> PROBLEM STATEMENT
Only these lines of the data below are wanted: the one with "Игорь (912 – 945)", the one with "Am 24. April", and any lines between them, each repeated exactly.

> LISTED RECORDS
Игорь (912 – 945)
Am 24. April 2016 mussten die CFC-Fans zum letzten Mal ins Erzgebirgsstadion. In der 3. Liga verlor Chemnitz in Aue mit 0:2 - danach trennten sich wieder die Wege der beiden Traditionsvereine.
...
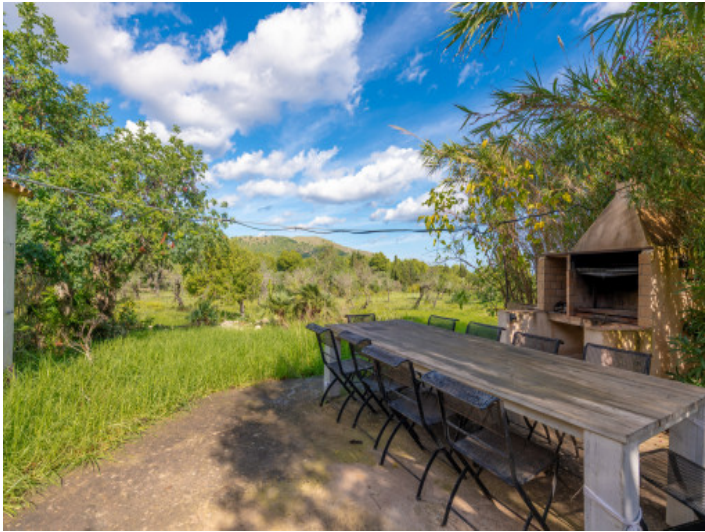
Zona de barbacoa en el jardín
--
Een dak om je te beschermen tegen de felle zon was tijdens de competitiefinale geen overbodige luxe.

> TASK OUTPUT
Игорь (912 – 945)
Am 24. April 2016 mussten die CFC-Fans zum letzten Mal ins Erzgebirgsstadion. In der 3. Liga verlor Chemnitz in Aue mit 0:2 - danach trennten sich wieder die Wege der beiden Traditionsvereine.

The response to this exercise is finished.